Saturday, May 21, 2011

Introduction to the Great Game

Peter Hopkirk's The Great Game was the door that opened my armchair travels onto the deserts and secret spies of the the shadowy war for empire in Central Asia.  Hopkirk introduced most of today's travelers to the region.  He brings to life the struggle between Tsarists Russia and Victorian England.  Their empires were first 2000 miles apart and ended up with outposts within 20 miles of each other.  Little did I know when I picked up his first book in 1995 that I would end up living and working there, in very place that I thought inhospitable and mysterious.  I bought his other books wherever I've found them.

1.  The Great Game (1990).  If you only read one of Hopkirk's books read this one.  The scene setter that brings to life the stories of Russian and English spies who risked their lives disguised as holy men or native horse traders mapping secret passes and building alliances with powerful khans.   "Borrowed" from wife.
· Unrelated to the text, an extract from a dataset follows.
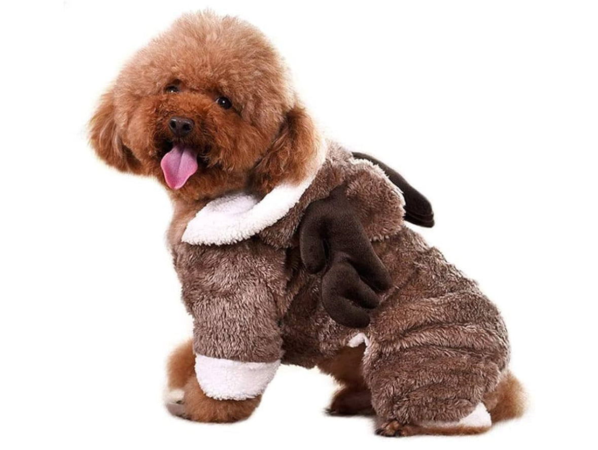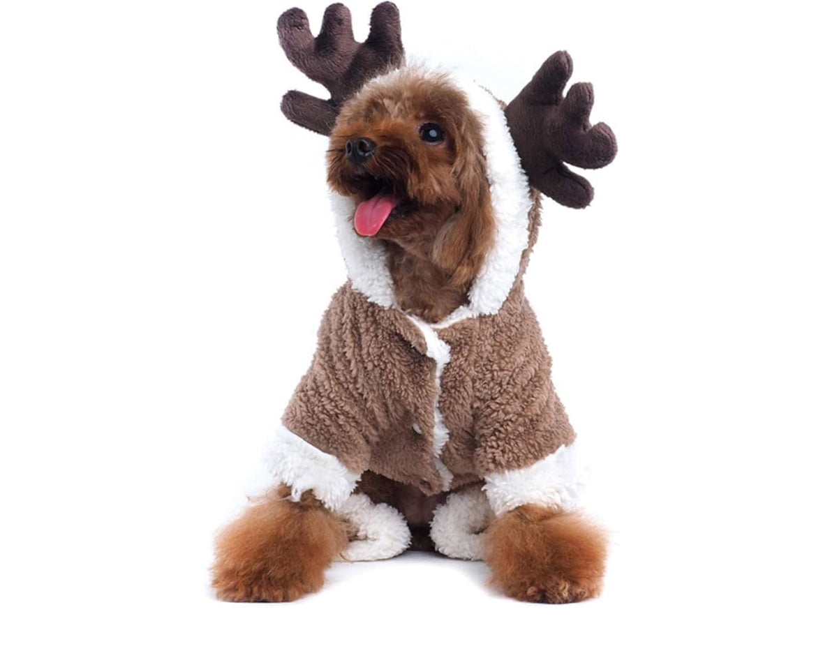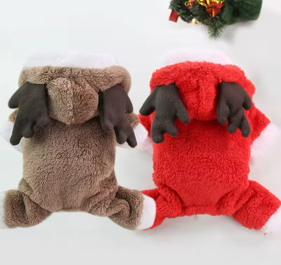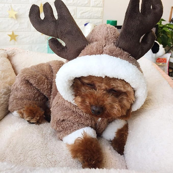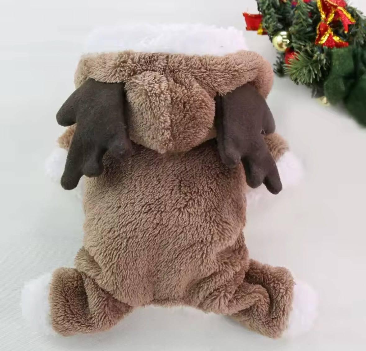 Transform your dog into the star of the autumn and Christmas season with our cozy Reindeer Hooded Sweater! Made from soft, warm fabric, this adorable sweater features playful reindeer antlers on the hood to capture the festive spirit. Perfect for chilly walks, photo sessions, or just keeping your pet snug and comfortable during the colder months. The sweater is easy to put on and take off and comes in various sizes to ensure a great fit for dogs of all shapes and sizes.

The Great Game: The Struggle for Empire in Central Asia (Kodansha Globe) 

2.  Central Asia: A Traveler's Companion, Kathleen Hopkirk (1993).  Hopkirk's wife, Kathleen Hopkirk, a Central Asian expert in her own right with over 30 years of observations in the area, wrote what amounts to a thinking persons guide to the region.  Scholarly and exciting.  Another "borrowed" book from wife.
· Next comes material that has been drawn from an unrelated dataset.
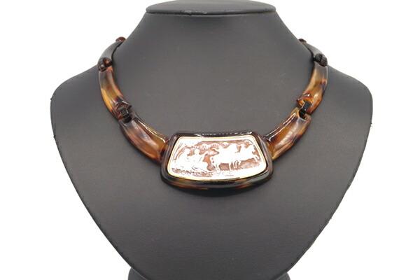 べっ甲ネックレスべっ甲シェルカメオネックレスK18YG中古ペンダントアクセサリー宝石ジュエリーレディース女性Tortoiseshell

3.  Like Hidden Fire: The Plot to Bring Down the British Empire (1994).  During WWI, the Germans and Turks created a secret plot to foment a Jihad to dislodge the British from India.  The plot quickly got out of control with unintended consequences outside the region.  Bought used at State Department books store.  

Like Hidden Fire: The Plot to Bring Down the British Empire

4.  Setting the East Ablaze: Lenin's Dream of an Empire in Asia (1984).  Lenin's Dream was to extend the reach of Bolshevik rule across Asia.  Spies and madmen on either side of the shadowy fight.  One spy is even hired by the other side to hunt himself down.  Bought used at Dog-Eared books, Northport, Michigan.

Setting the East Ablaze: Lenin's Dream of an Empire in Asia (Oxford Paperbacks) 

5.  Quest for Kim (1996).  Hopkirk uses Kipling's Kim as his guidebook traveling the region looking for the source of its characters.  He encounters an old Tibetan Lama, a retired old British Colonel, and Indian soldiers and spies.  Bought used somewhere.  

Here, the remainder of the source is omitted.